Они убили Роба и Вика на их глазах. Отрезали кусочки кожи, задавая вопросы. Один вопрос — один лоскут, который эти сволочи аккуратно… чтоб им сдохнуть. Донельзя аккуратно складывали на земле друг на друга. Нейтралы оказались глубоко любознательными тварями и не остановились только на свежевании, начав отрезать части тел. К чести парней те не прокололись. Даже когда ублюдки взламывали им сознание. Черт, Сэм подозревал, что сама пытка с расчленением была всего лишь развлечением для нейтралов. Ведь они могли прочесть их сразу. Но неееет… Бездушные мрази сначала вдоволь помучили парней и только потом начали свои животные игрища с их мозгами. Вот только те, как и Рино, ни хрена не знали ни о Владе, ни о планах остальных членов королевской семьи, ни о местонахождении Сера, бежавшего с сундуком в безопасное место. Своеобразный буфер, который должен был обеспечить им победу в переговорах с Курдом. Это было обязательно условие Самуила, на которое и Смерть, и Велес, и все остальные согласились — абсолютное неведение относительно дальнейших ходов короля.

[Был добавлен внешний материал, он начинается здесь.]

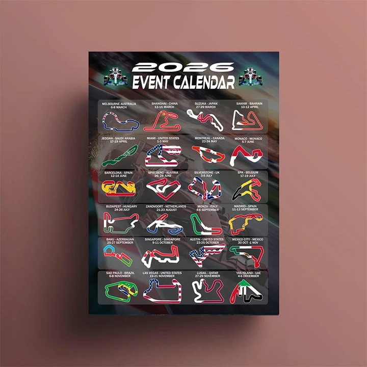 Follow the entire Formula 1 season with this 2026 wall calendar , bringing together all the iconic Grand Prix and circuits in a clear and visual format.
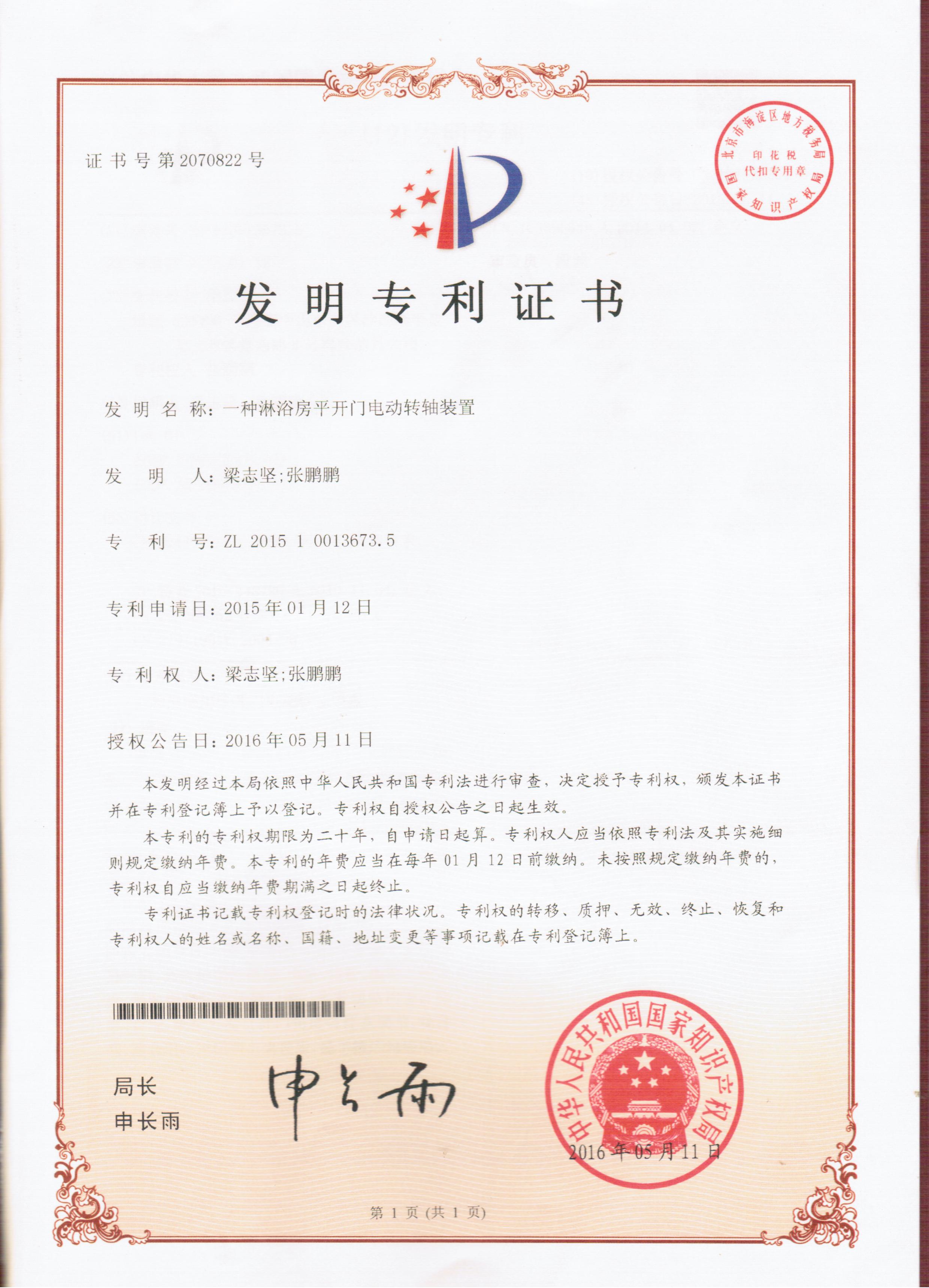 | Имя сертификата: | Electric rotating shaft device for sliding door of shower room |

А потом Сэм понял, для кого на самом деле был весь этот кровавый спектакль. Для него и только для него. Так как ни одна сука не могла взломать его эмоциональную сетку, подобраться к его мысленной стене, которую он воздвиг, едва выполз наружу. Подонки убили его друзей, чтобы пошатнуть ауру Сэма, пробить ее не извне, а изнутри, оттуда, где он был наиболее уязвим. И он знал, кто мог выбрать такую тактику. Знал и чувствовал, как разливается по венам вновь пробудившаяся ярость к тому, за которого еще недавно был готов сдохнуть. Хотя Сэм презирал себя не меньше, чем его. Презирал за то, что снова бы предпочел пойти против всех, но не позволить никому уничтожить Мокану. Только он и его мать… только они заслужили стать палачами этого бездушного зверя.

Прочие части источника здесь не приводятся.